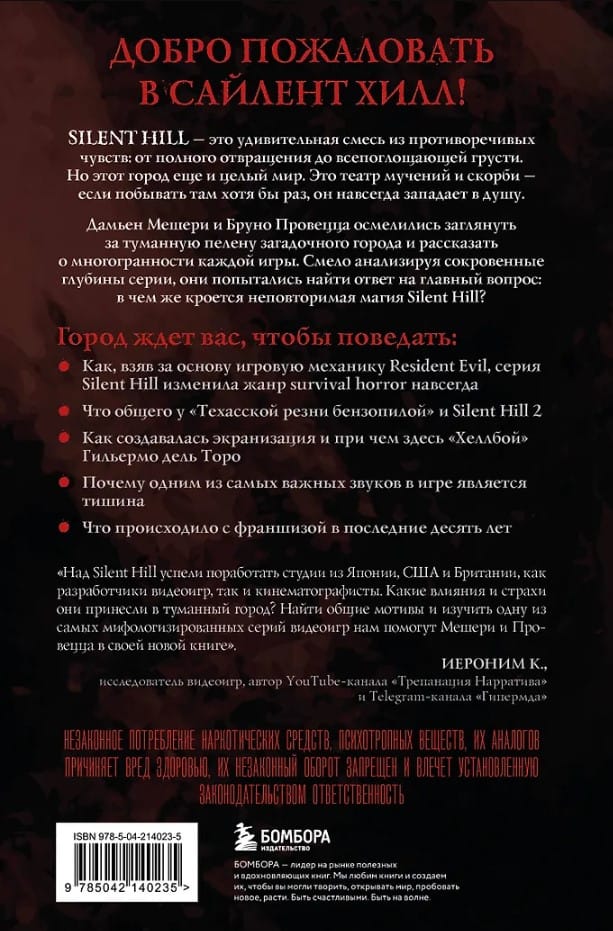 Дамьен Мешери и Бруно Провецца осмелились заглянуть за туманную пелену загадочного города и рассказать о многогранности каждой игры. Смело анализируя сокровенные глубины серии, они попытались найти ответ на главный вопрос: в чем же кроется неповторимая магия Silent Hill?
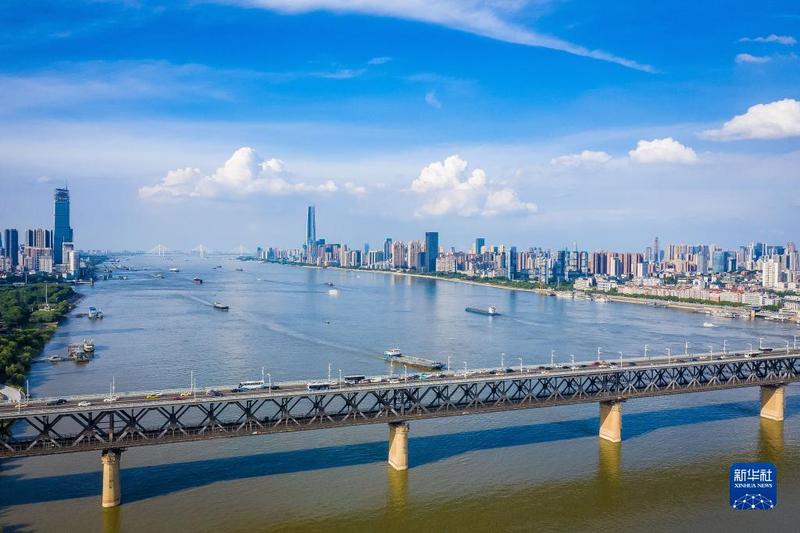 武汉江景(2021年6月13日摄,无人机照片)。新华社记者 肖艺九 摄 随着沿江化工企业“关改搬转”不断推进,湖北各地传统化工“离江而去”,新能源新材料等一批“含绿量”“含新量”“含金量”更高的产业迎来蓬勃发展。 沿着滔滔江水继续向东下行,记者来到位于黄石大冶的湖北融通高科先进材料有限公司产业园。这里,火热的建设现场与红火的生产车间交相辉映。 “我们生产的新能源电池正极材料最终被加工成新能源电池,应用到动力、储能等诸多领域,这为降碳减排以及清洁能源技术广阔应用提供了有力支撑。”公司外联总监汪启胜介绍,“近年来,公司聚焦‘含绿量’‘含新量’更高的新材料的研发,着力促进清洁低碳安全高效可再生能源高质量发展,打造清洁能源和生态环保全流程创新链条,为建设美丽长江贡献自己的力量。”
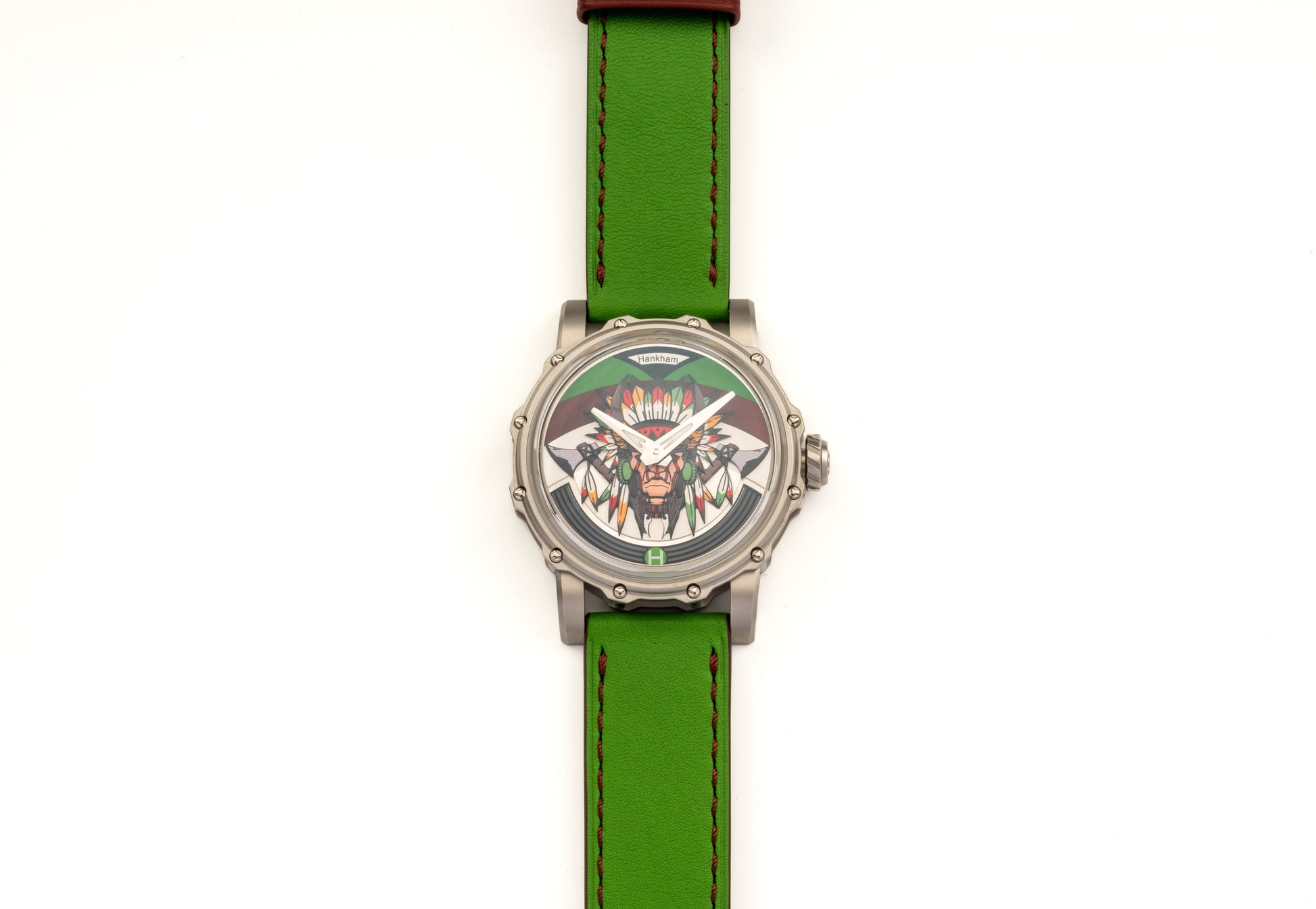 Hankham SS Indians Dial on Green Leather Strap Miyota 8215
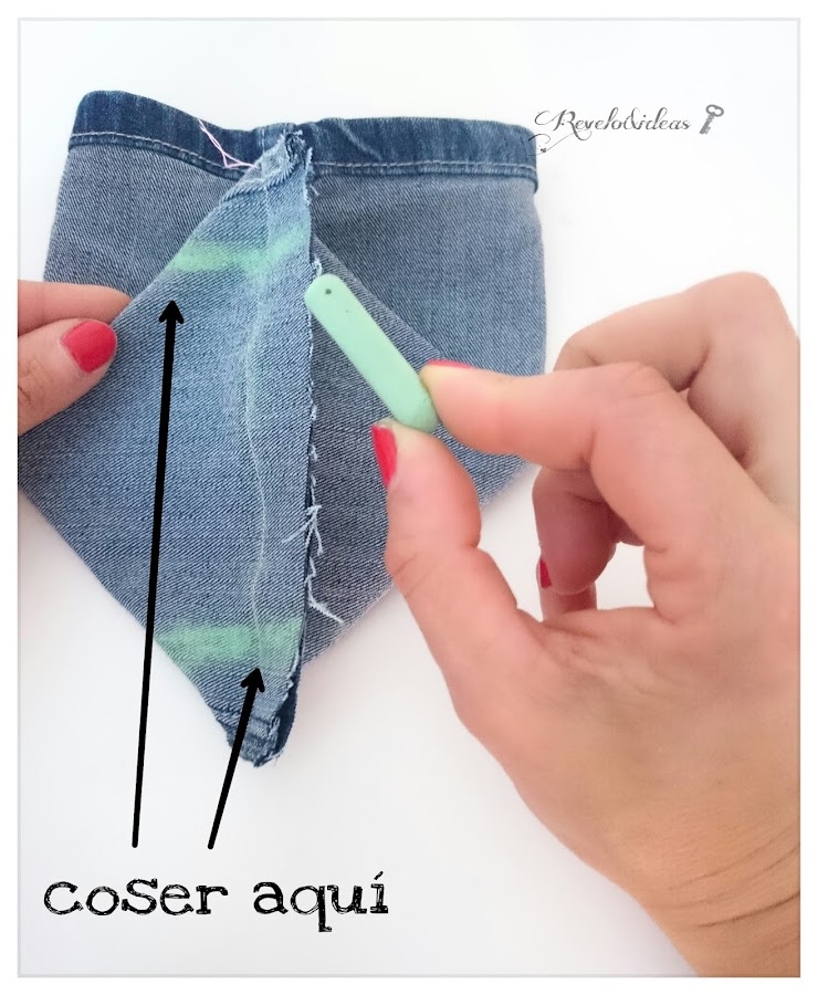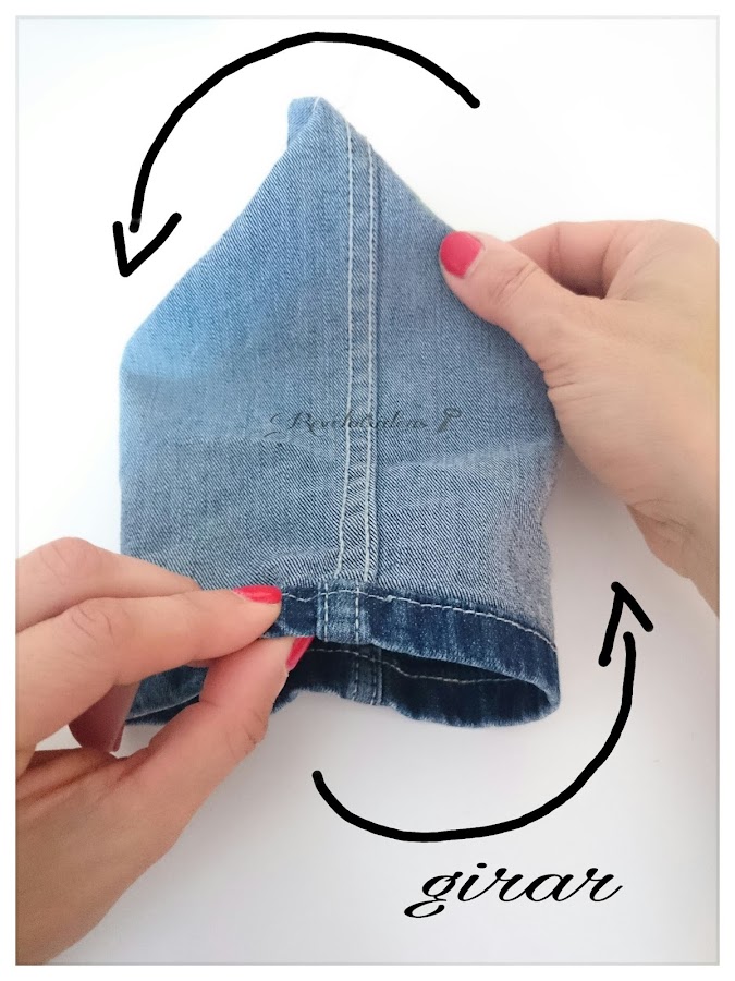 Una vez cosido, giraremos el vaquero, como se ve en la imagen, la cual nos tendrá que quedar, con las costuras laterales en el centro de la pieza, con una forma de triángulo en la parte superior.
◆ ◆ ◆
Task directions -> Would you retype all the material above exactly, apart from its pictures?

Answer area ->
 Дамьен Мешери и Бруно Провецца осмелились заглянуть за туманную пелену загадочного города и рассказать о многогранности каждой игры. Смело анализируя сокровенные глубины серии, они попытались найти ответ на главный вопрос: в чем же кроется неповторимая магия Silent Hill?
 武汉江景(2021年6月13日摄,无人机照片)。新华社记者 肖艺九 摄 随着沿江化工企业“关改搬转”不断推进,湖北各地传统化工“离江而去”,新能源新材料等一批“含绿量”“含新量”“含金量”更高的产业迎来蓬勃发展。 沿着滔滔江水继续向东下行,记者来到位于黄石大冶的湖北融通高科先进材料有限公司产业园。这里,火热的建设现场与红火的生产车间交相辉映。 “我们生产的新能源电池正极材料最终被加工成新能源电池,应用到动力、储能等诸多领域,这为降碳减排以及清洁能源技术广阔应用提供了有力支撑。”公司外联总监汪启胜介绍,“近年来,公司聚焦‘含绿量’‘含新量’更高的新材料的研发,着力促进清洁低碳安全高效可再生能源高质量发展,打造清洁能源和生态环保全流程创新链条,为建设美丽长江贡献自己的力量。”
 Hankham SS Indians Dial on Green Leather Strap Miyota 8215
 Una vez cosido, giraremos el vaquero, como se ve en la imagen, la cual nos tendrá que quedar, con las costuras laterales en el centro de la pieza, con una forma de triángulo en la parte superior.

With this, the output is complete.